Studio album by Caparezza
- Released: March 24, 2006
- Label: EMI

Caparezza chronology
| Verità supposte (2003) | Habemus Capa (2006) | Le dimensioni del mio caos (2008) |

Singles from Habemus Capa
- "La mia parte intollerante" Released: 2006; "Torna Catalessi" Released: 2006; "Dalla parte del toro" Released: 2006; "The Auditels Family" Released: 2006;

= Habemus Capa =

Habemus Capa is the third studio album by the Italian rapper Caparezza, released on March 24, 2006. The album title and the final track of the same name are a play on the traditional Latin phrase "Habemus Papa" (more properly Habemus Papam) used to announce the selection of a new Pope.
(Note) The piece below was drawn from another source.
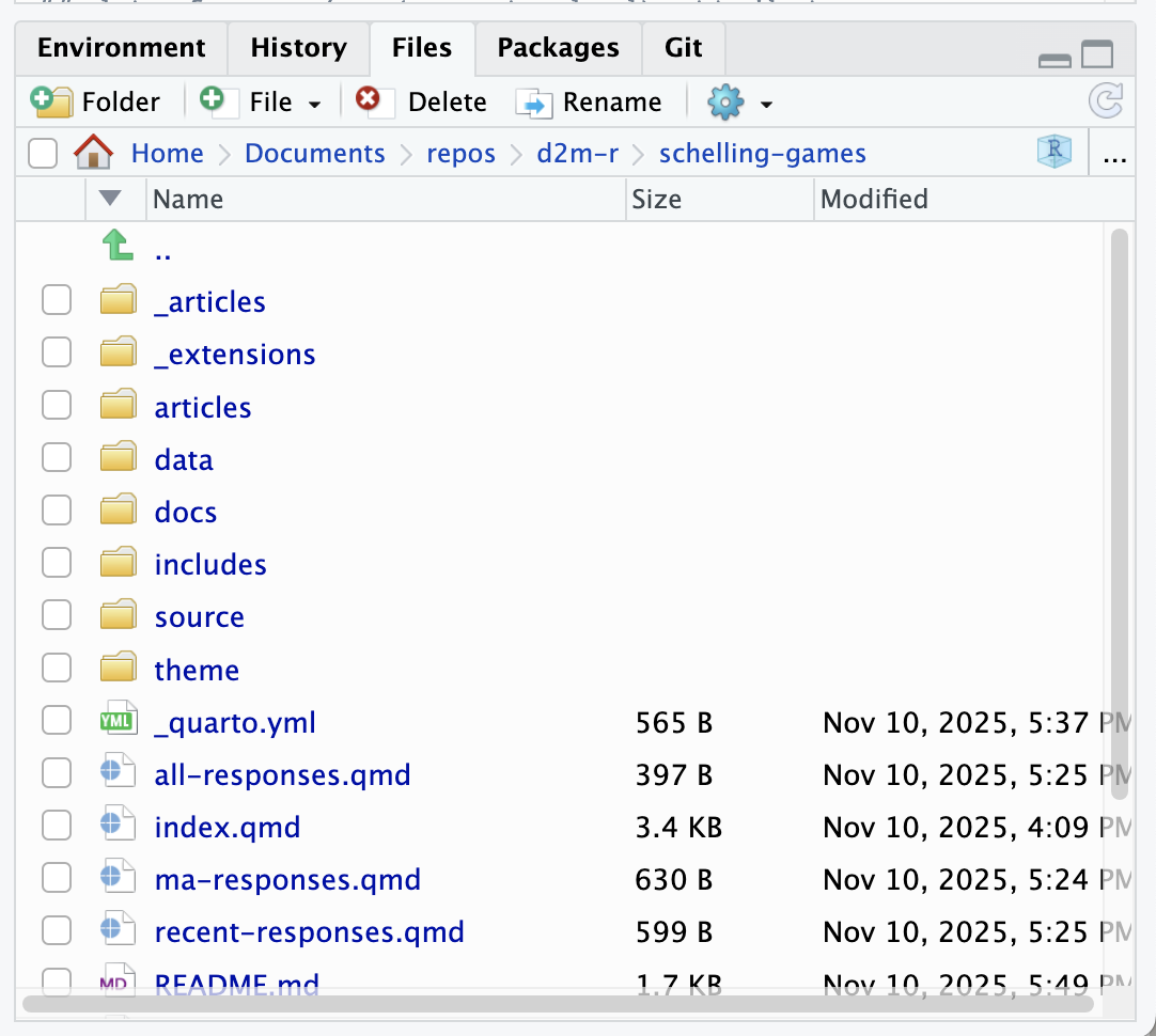 .Rproj): manages project settings.R): contains (only) R code.md): contains (only) formatted text.qmd): contains combination of text, code, and formatting instructionsR Markdown vs. Quarto
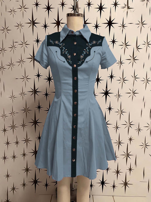 Western Vintage Flower Printed Western Printed Shirt Dress

The idea for the album comes from the idea that Caparezza hypothetically dies, like in the last track of the previous album, but, as he "dies" while he is still alive, he can gain from the success of the album.

== Track listing ==
1. "Mors mea tacci tua" – 0:26
2. "Annunciatemi al pubblico" – 4:07
3. "Torna Catalessi" – 3:57
4. "Gli insetti del podere" – 3:58
5. "Dalla parte del toro" – 3:58
6. "Ninna nanna di Mazzarò" – 4:41
7. "Il silenzio dei colpevoli" – 4:08
8. "Profilo psichico" – 0:35
9. "La mia parte intollerante" – 4:22
10. "Inno verdano" – 3:49
11. "Epocalisse" – 3:54
12. "Tii-yan" – 0:24
13. "The Auditels Family" – 4:07
14. "Ti giri" – 3:41
15. "Titoli" – 3:55
16. "Felici ma trimoni" – 4:53
17. "Sssaasss" – 0:22
18. "Sono troppo stitico" – 3:58
19. "Habemus Capa" – 4:24

== Certifications ==

| Region | Certification | Certified units/sales |
| Italy (FIMI) | Gold | 25,000^{‡} |
^{‡} Sales+streaming figures based on certification alone.